Methods for variational autoencoders
A dataset was prepared for a matrix representation, normalized input data, divided into training, validation, and testing sets, built an encoder and decoder network, defined a loss function, optimized parameters, fine-tuned hyperparameters, generated new drug-gene interactions, assessed model performance, and visualized the latent space with reconstructed drug-gene interactions for insights. These steps are necessary to train a VAE to use a Python environment for drug-gene interaction modelling.
Generative variational autoencoders architecture and hyperparameter
Variational autoencoders (VAEs) are deep learning models that learn the distribution of a dataset using an encoder network, decoder network, and loss function. Their architecture and hyperparameters significantly impact their performance and quality of samples.
The encoder network in a VAE uses input data, like drug-gene interaction modeling, through neural network layers to reduce data dimensionality, producing the mean and variance of a multivariate Gaussian distribution for point sampling. The decoder network maps input to input space, reversing the structure of the encoder network. It gradually increases data dimensionality until it matches the original input shape, with configurable hyperparameters like layers and neurons per layer.
The loss function in VAEs consists of a reconstruction loss and a regularization term. The reconstruction loss measures the decoder network's ability to reconstruct original input data, while the regularization term penalizes deviation from a standard Gaussian distribution, encouraging similar input data mapping. The hyperparameters of a VAE, including architecture and regularization terms, are crucial for performance. The model's learning capacity, including layers and neurons and activation functions sigmoid, also impacts its performance. The architecture, loss function, and regularized hyperparameters were fine-tuned to balance latent space accuracy and regularization. The KL divergence term can be weighted to control exploration, while learning rate influences step size, training speed, and stability. Hyperparameter selection requires experimentation and tuning, using grid search, random search, and cross-validation to explore hyperparameter space and optimize configurations. The architecture and hyperparameters of variational autoencoders significantly influence their learning capacity, reconstruction quality, and latent space exploration, making them useful in drug-gene interaction modelling and other generative tasks.
Results
Drug-gene interactome
Network interactome provides information on a network with 83 nodes and 106 edges. The network has an average of 2.568 neighbours, a network diameter of 10, a radius 5, and a characteristic path length of 4.624. The clustering coefficient measures the degree of interlinking between nodes. The network density is 0.032, and the network heterogeneity is 1.279. The network centralization is 0.223, and there are two connected components. The analysis time is 0.059 seconds, and the network has 106 edges (Figure 1). Top hub genes in drug-gene interactions were MMP-14, MMP9, HIF1A, STAT1, MAPT, CAS9, MMP2, CASP3, MMP1, MAK1.
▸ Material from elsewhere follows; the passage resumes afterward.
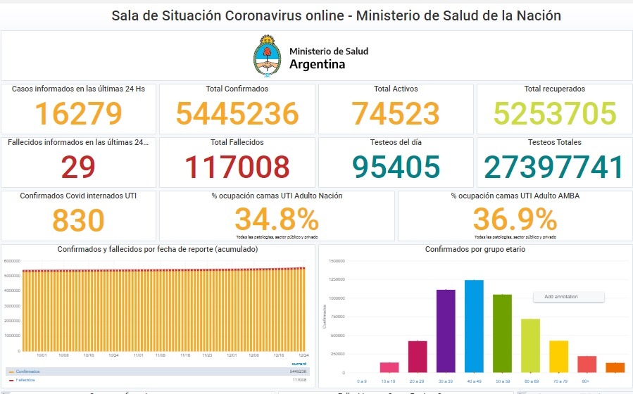 El reporte del Ministerio de Salud confirmó 16.279 nuevos contagios en las últimas 24 horas, la cifra más alta desde julio. Con estos registros, suman 5.445.236 casos desde que comenzó la pandemia. Además, se registraron 29 nuevas muertes de pacientes con coronavirus lo que eleva la cifra de víctimas mortales en el país a 117.008.

Top hub genes in drug-gene interactions
Figure 2 shows an "Epoch Loss Curve," illustrating the correlation between loss values and epoch numbers in a machine learning model training process. The x-axis represents the epochs from 1 to 10, while the y-axis represents the loss values ranging from just above 6.5 to below 5. The graph shows a decreasing trend, indicating that the loss decreases as the number of epochs increases. The graph, with data points connected by lines, is commonly used to monitor and analyze machine learning model performance during training. The training logs for each epoch include losses in epochs 1, 2, 3, 4, 5, 5, 6, 7, 8, 8, 9, and 10, with average losses ranging from -0.5 to -4.6. The model's average loss for each epoch is 4.65.
Epoch loss curve
Epoch loss curve
The loss curve in VAEs shows a steady decrease in loss over epochs, indicating the model's learning and improvement in reconstruction ability. The initial significant drop in loss is typical as the model quickly learns the data's structure. As training progresses, the rate of decrease slows down, suggesting the model is converging towards a local minimum in the loss landscape. This indicates the model is refining its representation and making smaller adjustments to improve reconstruction accuracy. The decreasing loss curve demonstrates the VAE model's effective learning and improvement in reconstructing input data as training progresses.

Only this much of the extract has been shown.